David Cameron maybe thinking of the next family holiday in Majorca.


Leave, not remain
Well, which do you suppose was the big story of the week? It wasn't a Majorcan story per se, but it was very much a Majorcan story nonetheless. "Adiós, amigos." The Saturday front page summed it up, and on the inside pages were reassuring messages from the acting prime minister Mariano Rajoy and the Balearic government, the latter directing its message to British residents and visitors.

The words for the Brits were much the same whoever delivered them, the British ambassador, Simon Manley, the former PP councillor in Calvia, Kate Mentink, or indeed the regional government: nothing happens in the short term, two years at least. What no one could say, because no one knows, is what might happen in the longer term.

The politicians, the hoteliers and business associations all had different words that were the same: the pound will drop in value (already has); tourism will be affected if not this year because of bookings already made but quite possibly next year; local businesses will suffer from reduced spending; investment from Britain, in its various forms, will take a hit.

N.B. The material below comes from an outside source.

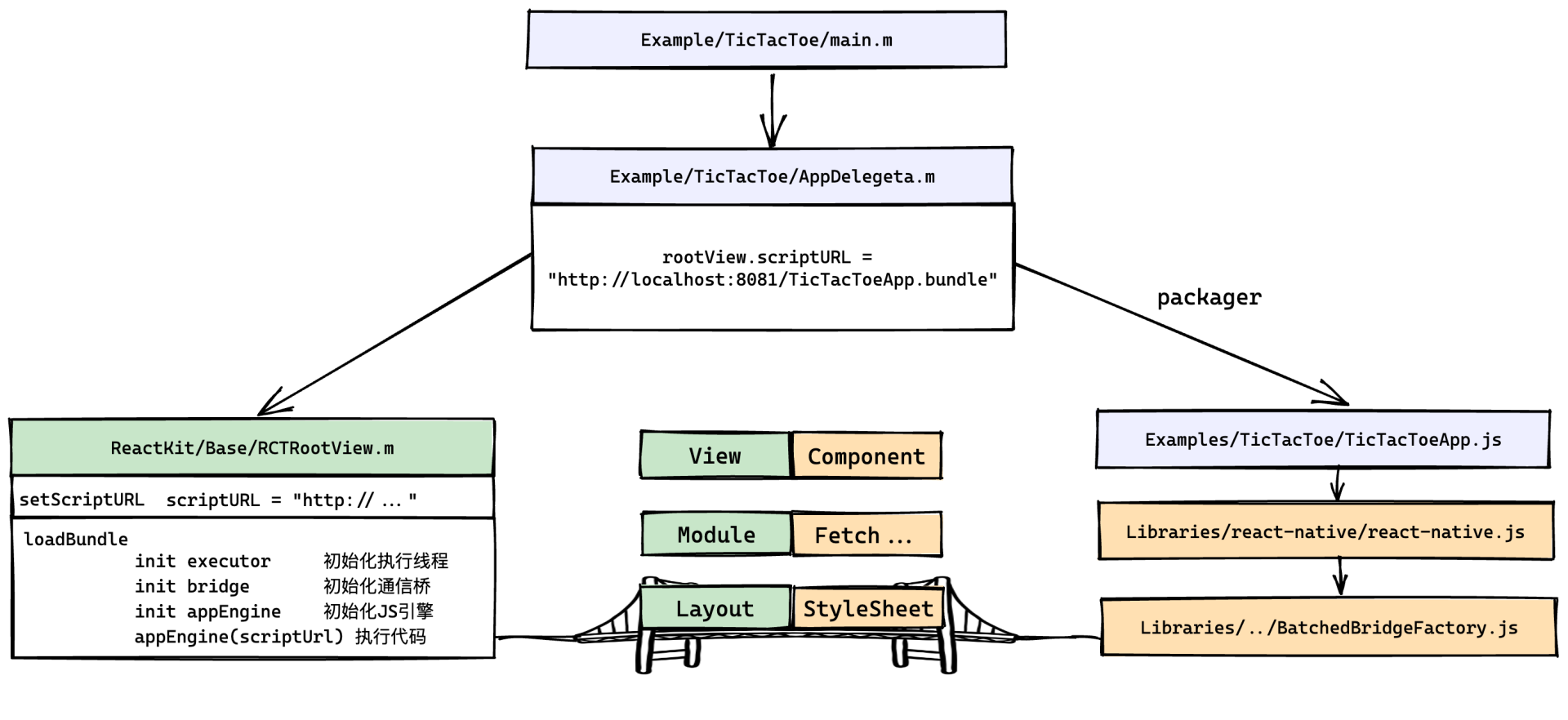大体上讲,React Native 上层抽象出来的 Libraries/Components 组件,底层对应的是 ReactKit/Views 组件;上层抽象出来的 Libraries/Fetch、Libraries/XHR 网络接口,其底层实现的是 ReactKit/Modules/RCTDataManager.m 文件;上层实现的样式 Libraries/StyleSheet,其底层是 ReactKit/Layout。

There was already notice of this latter aspect before the vote. A Thursday report said that there had been a slowing of interest by British property buyers because of concerns about the referendum. The president of the Balearic association of property developers believed that if the vote were remain, then the market would revert to normal. The builders had not been the only ones who had thought (hoped) that it would be remain.

The regional government, for one particular reason, may not have seen leave coming. Yesterday, we noted the words of the tourism minister Biel Barceló in November last year. He had not been concerned about the effects of the tourist tax on the UK tourism market. "Given the strength of the pound, the amounts that would need to be paid would not seem great; almost like small change." The tax takes effect on Friday.

Given all this, yesterday was probably not the best day for Majorca's hotels to be announcing that negotiations over prices with tour operators had been concluded for 2017 and that there will be rises of anything up to 15%.

Police operations
Other news last week appeared almost incidental, but news there was, with the police forces claiming further successes against drugs and organised crime. On Tuesday, there was the report of another National Police operation against drugs' clans in Palma. This was one which demanded the involvement of an army bulldozer and the police's explosives unit.

The following day and it was news of Interpol involvement in a Guardia Civil operation against Russian and Georgian "mafias" which was centred on Palma and Santa Ponsa but included wider Spanish and European police action. On to Thursday and the Guardia were smashing a gang that had been based in Manacor, while on Friday there was an update on an operation that had been started the previous week: 25 arrests in breaking up a Dominican cocaine-trafficking gang.

Beach services
Puerto Pollensa, far from calming down after all the fuss over the pedestrianisation scheme and beach services, found itself in the spotlight again: beachgoers were being wrongly charged for sunloungers as the town hall hadn't yet given official authorisation to the concession holder, and the front line road (a short stretch which was still two-way) was closed off in one direction. This was more evidence of town hall "improvisation", said the ex-mayor. Meanwhile, at least in Paguera there don't seem to have been issues with beach services. In a Sunday letter, Ray Waite was "tremendously impressed" with the services.